In 1915, Otis Tufton Mason, then curator of the Department of Ethnology in the United States National Museum, published Woman's Share in Primitive Culture. This text provided scholarly confirmation of views that Jane Addams already held about the centrality of women's role in the creation and maintenance of culture. Mason's book appeared in 1915; although Addams had been expounding views consistent with Mason's well before that date, his book bolstered her convictions.
The overriding theme limned by Mason is that women did not languish in the backwater as men charged forth to create culture and make history; rather, if one looks at the world of primitive culture (by which he means cultures prior to written languages and with a tribal structure of one sort or another), one finds women food bringers, weavers, skin dressers, potters, beasts of burden, jacks-of-all-trades, artists, linguists, founders of society, and patrons of religion. The "founders of society" category is especially important in light of the fact that the dominant Western political tradition features only male founders of polities. Mason, however, gestures toward female foundings. He believes there is substantial anthropological and paleontological evidence that women were the creators of settled social life. This thesis belied then-ascendant Social Darwinism, with its accounts of societal origins in a brutal survival of the fittest.
By contrast, and in light of his evidence, when Mason sees women pass before him, he sees not "an abject creature. … the brutalized slave of man," but a creature whose ability to do almost everything helped to create a "higher law of culture. … the law of co-ordination and co-operation." Women were inventors. Women domesticated animals. Women were the cultural carriers of weaving and of textiles in general—and this is a vital dimension of civilization. Women harvested what nature offered and invented orderly cultivation. They were the "first ceramic artisans and developed all the techniques, the forms, and the uses of pottery." Women were the first to "conceive the idea of shelter for herself and her helpless infant." Women invented dyes and the arts of decoration; women linked necessity—protecting the body—to beauty. Lastly, the mother-child pair was the first linguistic unity.
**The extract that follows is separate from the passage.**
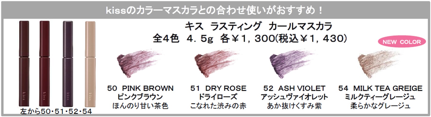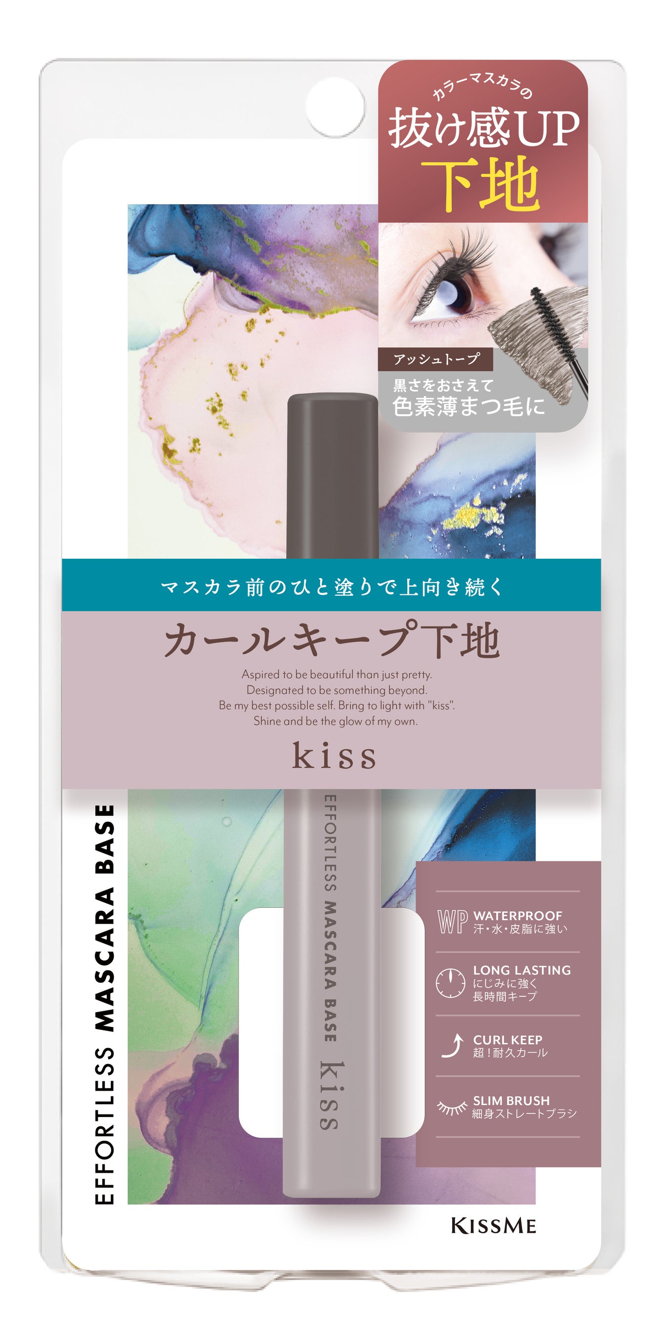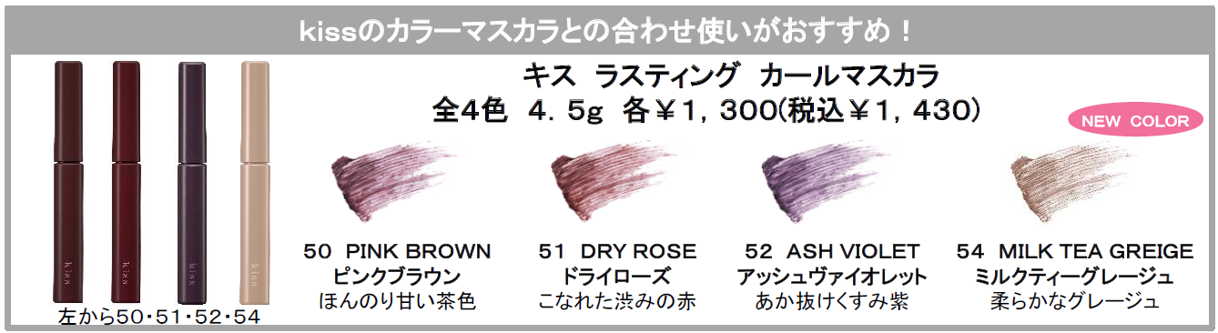 “kiss”から自まつ毛の黒さを抑えて、上に重ねるカラーマスカラの発色と抜け感をアップするカールキープマスカラ下地が新登場します。

Because motherhood requires stability, women were the primary agents of stable matrimony—an enormous advance for civilization and for women themselves. Women were prophetesses and mourners. They helped create religion. Women were teachers and friends. They had "their share in determining the relation of geography to history, in the conquest of the three kingdoms of Nature, in the substitution of other forces to do the work of human muscles, in the elaboration of industrial aesthetic arts, in the creation of social order, in the production of language, in the development of religions." Surely, Mason argues, the progress of civilization and of "intellectuality" should not be "opposed to childbearing." Indeed, if such a sentiment becomes prevalent, a society is doomed. For both pedagogy and the body politic had their origins in female-generated activity.